You mean it's not Jones??? like Tom Jones???:shocked:


----------



## mariaricarto (Jul 1, 2010)

Minelson,

Diatomaceous Earth - die ah toe may see us earth

Calculi - cal q lie


----------



## Oat Bucket Farm (Jul 28, 2006)

Nope. Its yoh-neez.


----------



## mekasmom (Jan 19, 2010)

April said:


> Sah-nen or Say-nen?
> Boh-lus or Ball-lus?
> An-thel-mintic or Ant-hel-mintic?
> Chev or Chev-ruh?
> ...


1. first one Sah-nen
2. first one
3. first one
4. and 5 are both pronounced with the accent on the last syllable, although I have heard chevre said in 3 separate syllables too kind of like chevrolet only with "uh" not "aye".
6. It's said with --K long a then pr ine (long I) like thine --ca-prine (hard C -long a- long i) said in two syllables with accent on first syllable.


----------



## The Tin Mom (Dec 30, 2008)

Bearfootfarm said:


> Problems solved:


:rotfl::rotfl::rotfl:


----------



## The Tin Mom (Dec 30, 2008)

Minelson said:


> You mean it's not Jones??? like Tom Jones???:shocked:


I always have said "Johns" - although if I had thought about the "e" on the end, I probably would have said "Jones", too!
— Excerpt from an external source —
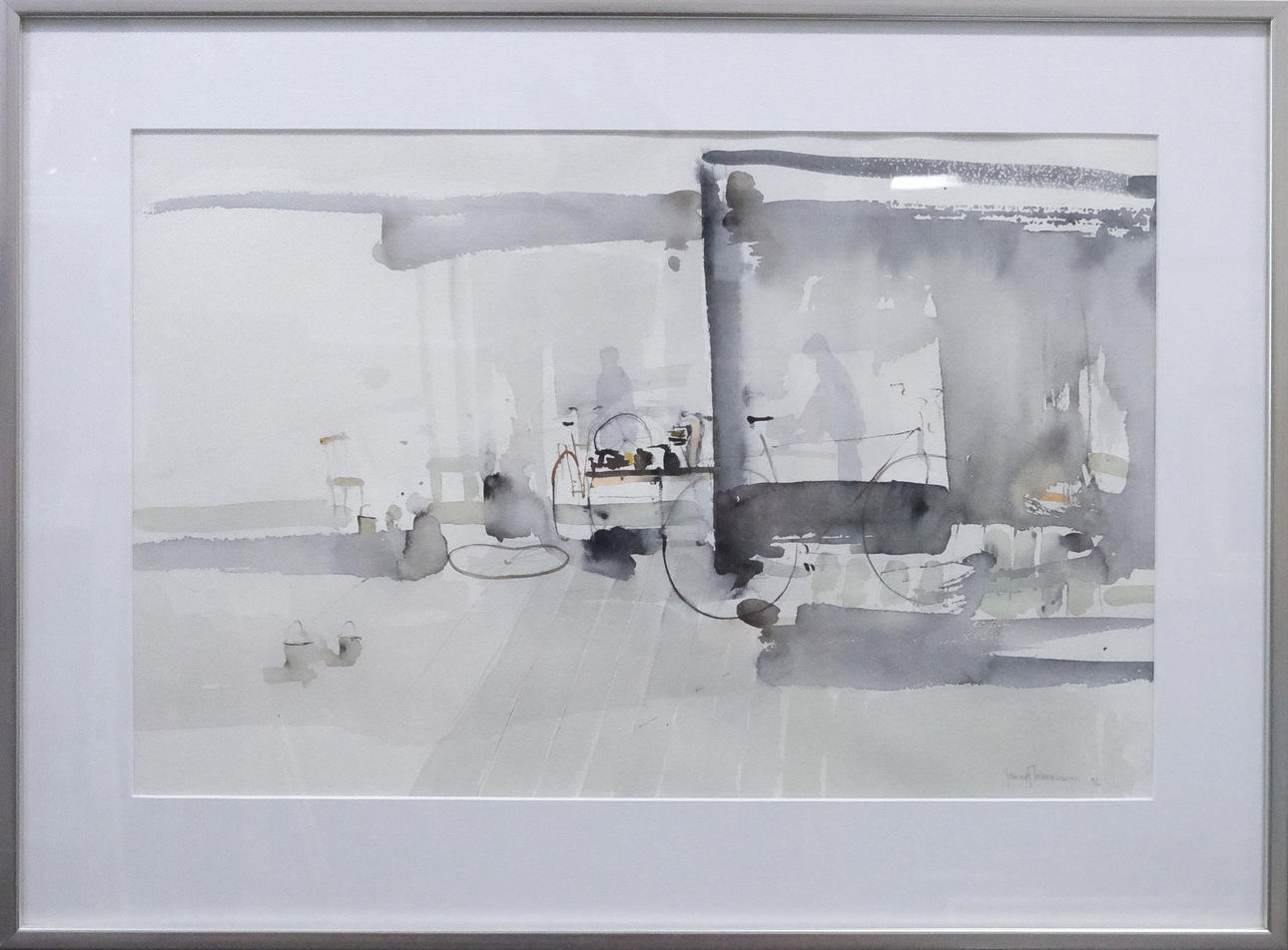 JOHNNY ANDERSSON. POLKUPYÖRÄPAJA, AKVARELLI.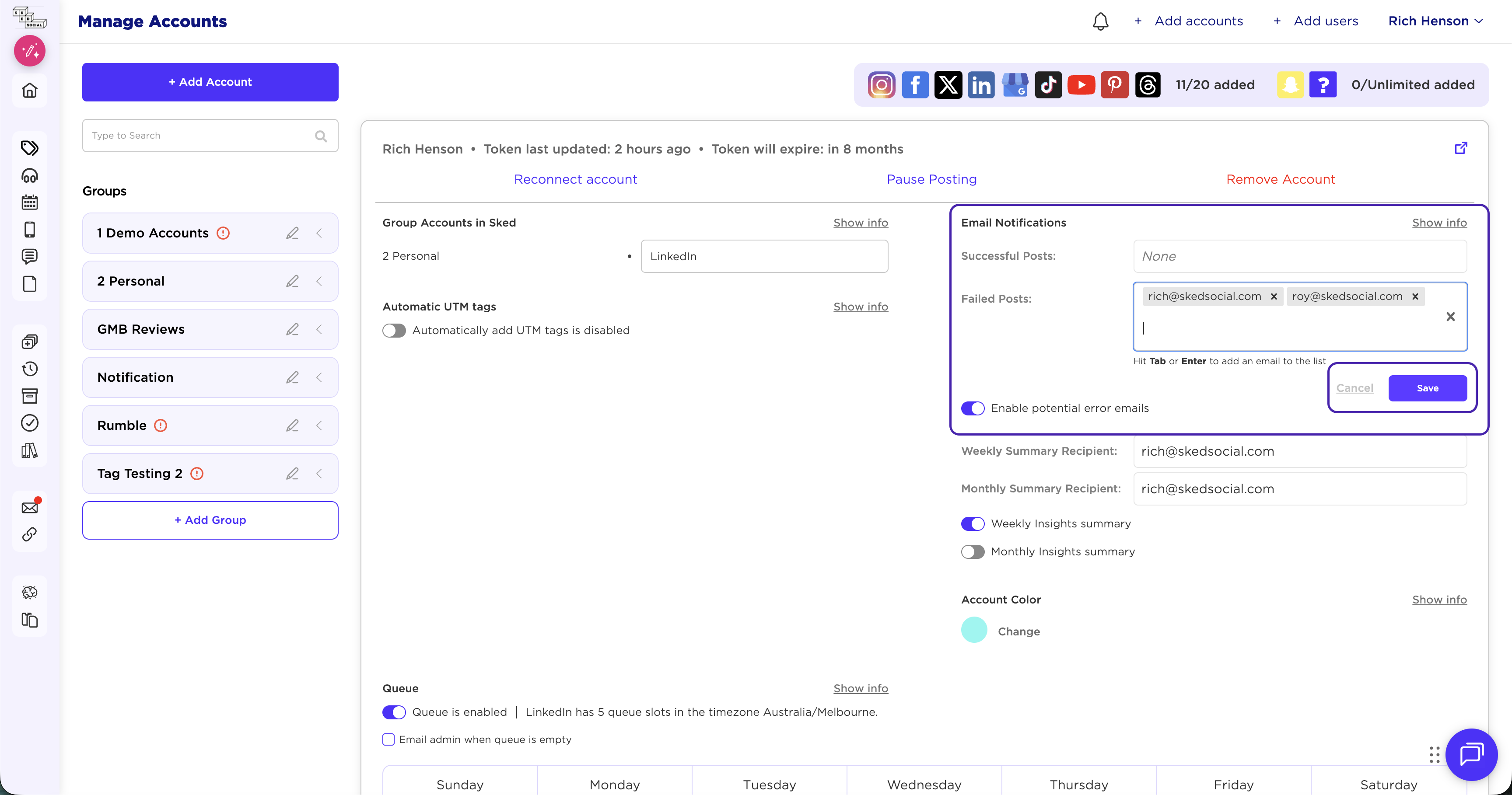Here you can also add email addresses for failed posts, potential error emails and emails for when your queue is empty.

LOL! Now I need to start saying "you sneeze?"


----------



## Goat Servant (Oct 26, 2007)

Shheesh now I wonder what else Ive been pronouncing wong. And no wonder CAE & CL are always abreviated alot of us can't spell much less speak them.
I've always said KAY preen. For years probious was PRObee ous, till I heard my mentor pronounce it the right way. (pro BI ous)


----------



## Minelson (Oct 16, 2007)

mariaricarto said:


> Minelson,
> 
> Diatomaceous Earth - die ah toe may see us earth
> 
> Calculi - cal q lie


Thank you! Now I will have to practice...


----------



## Rechellef (Oct 5, 2010)

And here in Tennessee - teat is tay-eet.:gaptooth:


----------



## pookshollow (Aug 22, 2005)

Rechellef said:


> And here in Tennessee - teat is tay-eet.:gaptooth:


Yeah? As like as not, around here it's "tit" as in "three-titted cow". But we do say "teat (teet) dip".


----------



## Oat Bucket Farm (Jul 28, 2006)

The Tin Mom said:


> I always have said "Johns" - although if I had thought about the "e" on the end, I probably would have said "Jones", too! LOL! Now I need to start saying "you sneeze?"


Not you sneeze

yoe-neez


----------



## wolffeathers (Dec 20, 2010)

Yo! Knees!


----------



## Goat Servant (Oct 26, 2007)

Not YAW knees??


----------



## wolffeathers (Dec 20, 2010)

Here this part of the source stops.